## Data to examine:
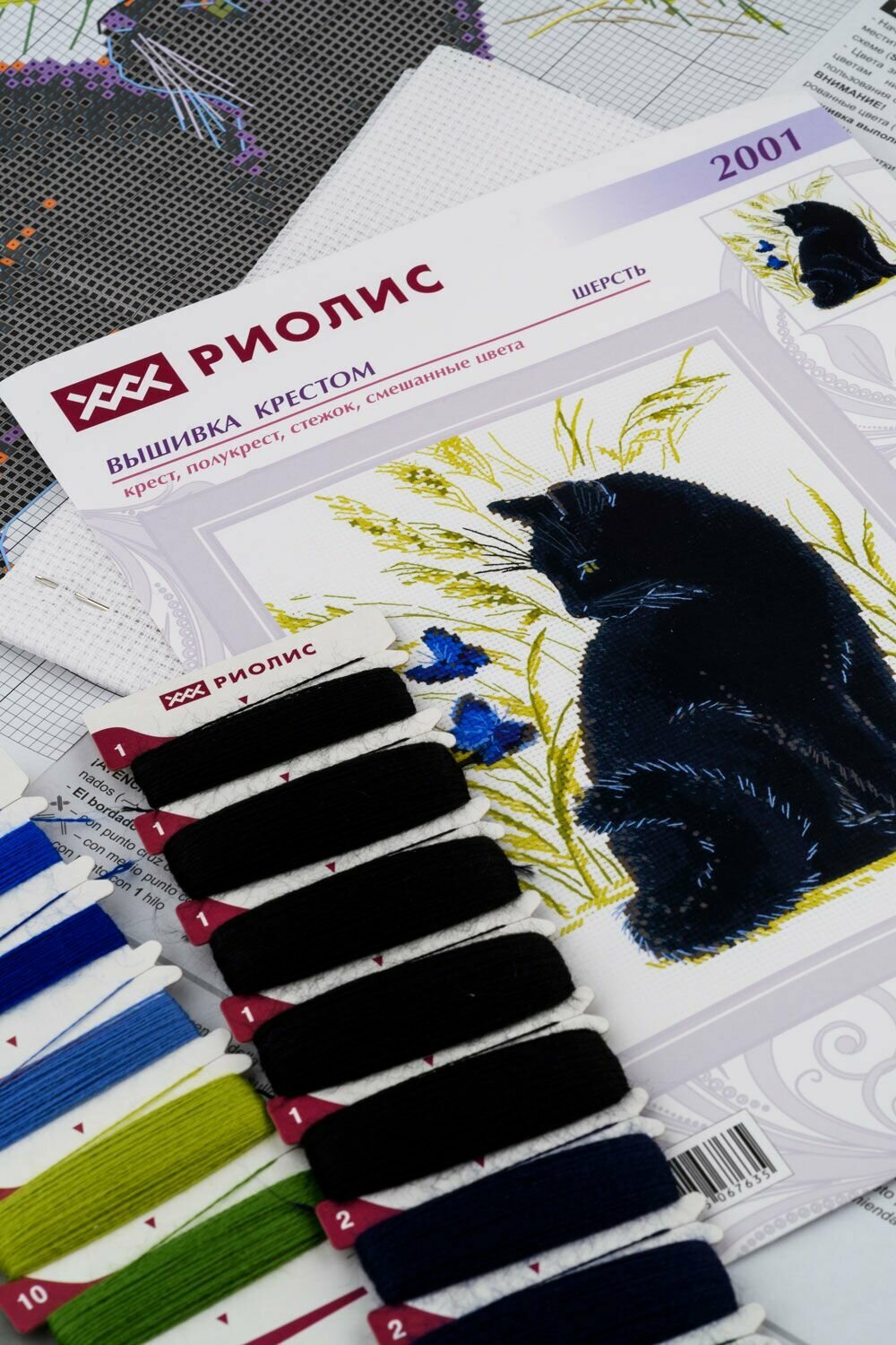 10 цен на Набор для вышивания крестом Риолис, вышивка крестиком "Чёрный кот" 24*30см, 2001
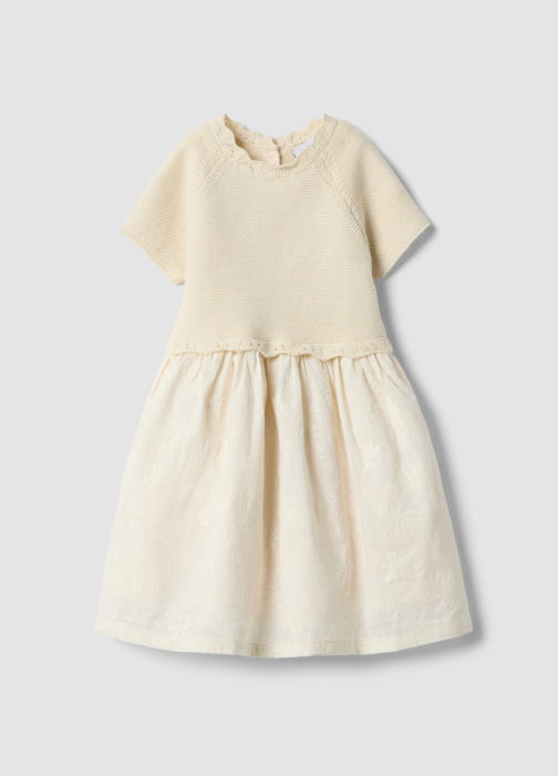 Характеристики: Бежевое платье для девочек из чистого хлопка от Fagottino идеально подходит для малышек от девяти до тридцати шести месяцев. Выполненное с вниманием к деталям, оно оснащено удобной застёжкой на пуговицы сзади и элегантным круглым вырезом. Частичная подкладка обеспечивает комфорт и лёгкость в летний сезон, а короткие рукава сохраняют ощущение свежести. Идеально подходит для создания утончённого и практичного образа.
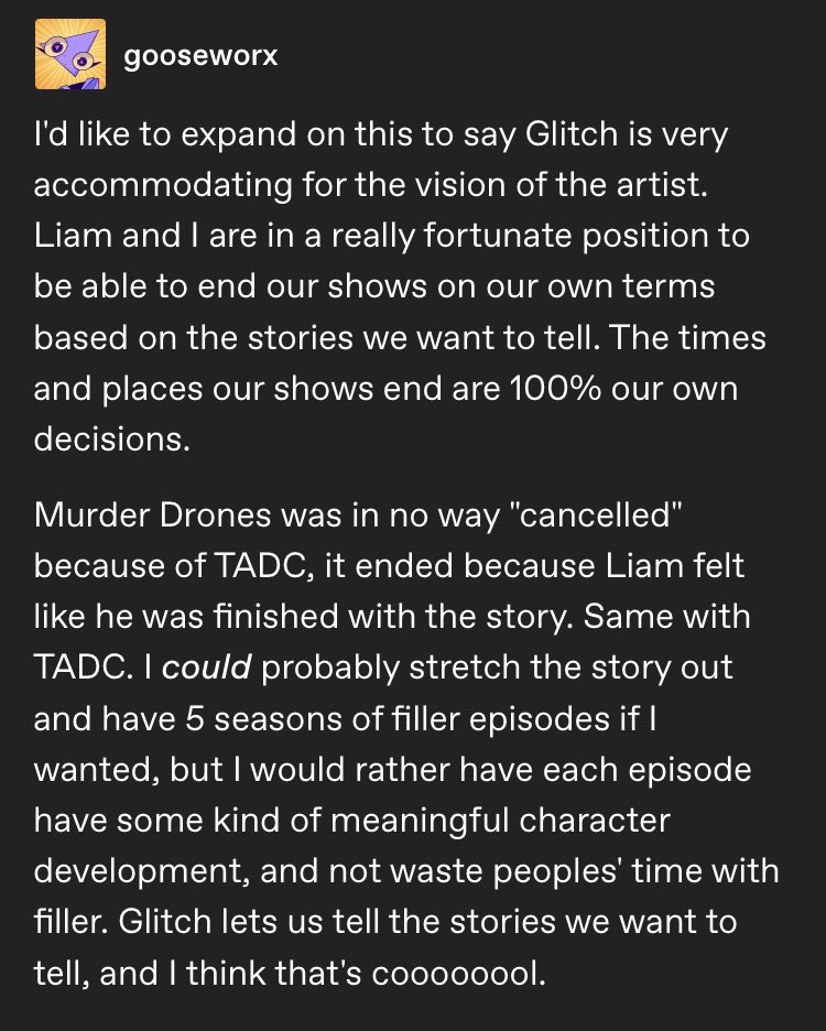 >>25358 >Liam wants to wrap things up in 1 season but Glitch needs money >Liam is willing to negotiate >Glitch takes an immense financial risk in letting Liam completely switch gears at the very last second to focus on the universe instead of grating slice of life lore bait with all the cool stuff just implied in the background >TADC is a windfall >Liam now gets to finish the story in 1 season at an even higher quality than could have ever been reasonably expected previously This is the best of all possible outcomes for the series finale's quality, don't take it for granted.
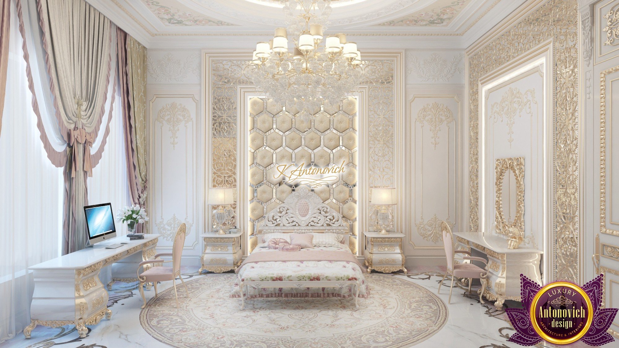 This bedroom interior in a classical style with Art Deco accents just fascinates with its lush beauty and luxurious decoration.Interior designers of design studio Antonovich cleverly combine a classic style with bright moments and rococo art deco touches.The result is an interior of unique beauty. Let us consider in detail the interior of the bedroom. Let's start with the design of the ceiling.It is the ceiling in the bedroom becomes the main point that we are more likely to contemplate in moments of relaxation. Therefore, the decoration of the ceiling in the interiors bedrooms we treat with special attention.In this project, the ceiling decorated with traditional stucco in the best traditions of classical style and elegant art painting.The elements of gilding and magnificent crystal chandelier complete the beautiful picture of the ceiling design.And, of course, the main decoration of the bedroom has become a beautiful bed with exquisitely carved headboard. To more enhance the luxurious and festive mood, the wall behind the headboard is decorated with decor panel made of genuine leather of cream shade with mirror inserts. Mirror panels with gilded forged patterns framed it.Forging ornament, interior designers repeat in the stucco decoration on the walls. The furniture in the bedroom of ivory inlaid with carved decor handmade gilding. Large windows decorated with charming curtains of silk with beautiful ruffles and soft grabs in the form of bows. The floor made of natural marble with beautiful swirls of carved patterns and luxurious Persian rug continues the splendor and beauty of the interior of the bedroom.
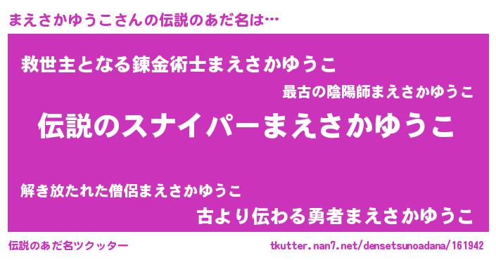 | 意味不明あだ名 | 『自称まえさかゆうこ』 |

## What you have to do:
Reproduce exactly the lines above starting at the line containing "Характеристики: Бежевое платье" and ending at the line containing "it for granted.", including both, but not the pictures.

## Solution:
 Характеристики: Бежевое платье для девочек из чистого хлопка от Fagottino идеально подходит для малышек от девяти до тридцати шести месяцев. Выполненное с вниманием к деталям, оно оснащено удобной застёжкой на пуговицы сзади и элегантным круглым вырезом. Частичная подкладка обеспечивает комфорт и лёгкость в летний сезон, а короткие рукава сохраняют ощущение свежести. Идеально подходит для создания утончённого и практичного образа.
 >>25358 >Liam wants to wrap things up in 1 season but Glitch needs money >Liam is willing to negotiate >Glitch takes an immense financial risk in letting Liam completely switch gears at the very last second to focus on the universe instead of grating slice of life lore bait with all the cool stuff just implied in the background >TADC is a windfall >Liam now gets to finish the story in 1 season at an even higher quality than could have ever been reasonably expected previously This is the best of all possible outcomes for the series finale's quality, don't take it for granted.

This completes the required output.